新型コロナウイルスの感染拡大を防ぐための全国一斉の休校措置が、新学期から解除されることになり、文部科学省が再開に向けた指針を公表した。

近距離で話をする時のマスク着用や換気の徹底などを指示するとともに、再開後、子どもや教職員に感染者が出た場合は、学級や学校単位で休業することを認める内容となっている。

安倍首相の要請で唐突に始まった一斉休校には多くの疑問があった。感染状況や通学範囲の広さ、往来の激しさなどは、地域によって異なる。自治体が学校ごとに危険度を見極め、柔軟に判断する方が理にかなう。

休校をめぐっては他にも、小さな子がいる保護者が働きに出られない▽代わりになる学童保育の施設の方が感染リスクが高い恐れがある▽栄養は給食が頼りという子もいて、健康が損なわれる▽給食業者や非常勤職員の働く場が失われる――などの指摘が出ていた。万全とはいえないが、指針はそうした課題の克服にも目配りしている。

授業が来月始まっても、本人や家族に基礎疾患があるなどの理由で、登校に不安を持つ家庭もあるだろう。各校は個々の状況把握に努め、そうした場合には出席を強いることのないように留意してもらいたい。
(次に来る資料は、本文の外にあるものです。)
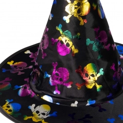 Alkoss felejthetetlen jelmezt ezzel a fekete kalappal, színes koponya mintával. Tökéletes boszorkány- és halloweeni öltözékekhez, és könnyen kombinálható köpennyel, ruhával vagy álarccal. Gyermekméretének köszönhetően remekül illeszkedik, és kiemel minden ijesztő vagy mesebeli átváltozást.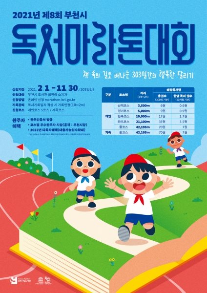 [피디언] 부천시립도서관은 2월 1일부터 11월 30일까지 303일간 독서와 마라톤을 접목한 생활 독서 운동인‘제8회 부천시 독서마라톤대회’를 개최한다.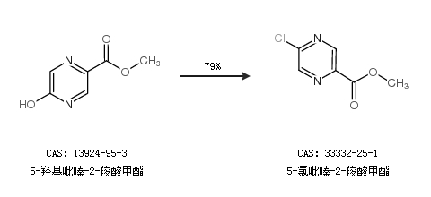1.通過(guò)5-羥基吡嗪-2-羧酸甲酯合成5-氯吡嗪-2-羧酸甲酯,收率約79%;

言うまでもないが、学校再開は警戒を緩めていいという合図ではない。政府の専門家会議は都市部などでの大規模流行に警鐘を鳴らしている。校内にはいなくても、周辺地域で感染者が急増した場合はただちに休校に切り替えるなど、臨機応変の対応が求められる。

また、開校か閉鎖かの二者択一ではなく、他に取りうる手段も用意しておきたい。学年や学級別に授業日を設ける分散登校など、密集を避けつつ授業を進める工夫があっていい。休校にする場合も、学校施設を開放して自宅で一人になる子たちの居場所をつくることはできる。

気になるのは休校に伴う学習の遅れだ。9年前の3月に起きた東日本大震災では、被災した学校の多くは4月中下旬まで、遅いところでは5月下旬まで始業がずれ込んだ。その後、夏冬の休みを短くしたり、土曜授業を行ったりして取り戻したという。当時の知見も生かし、児童生徒や教員の負担が過大にならない方法を探ってほしい。

ネットを使った授業動画や、デジタル教材による自習の試みも広がっている。ただ、自宅に機器があるかどうかや自学自習ができる環境か否かは家庭による差が大きく、教育格差を広げかねない面もある。対面学習の重要性に変わりはない。NPOなどと連携し、学習支援事業の強化もあわせて進めたい。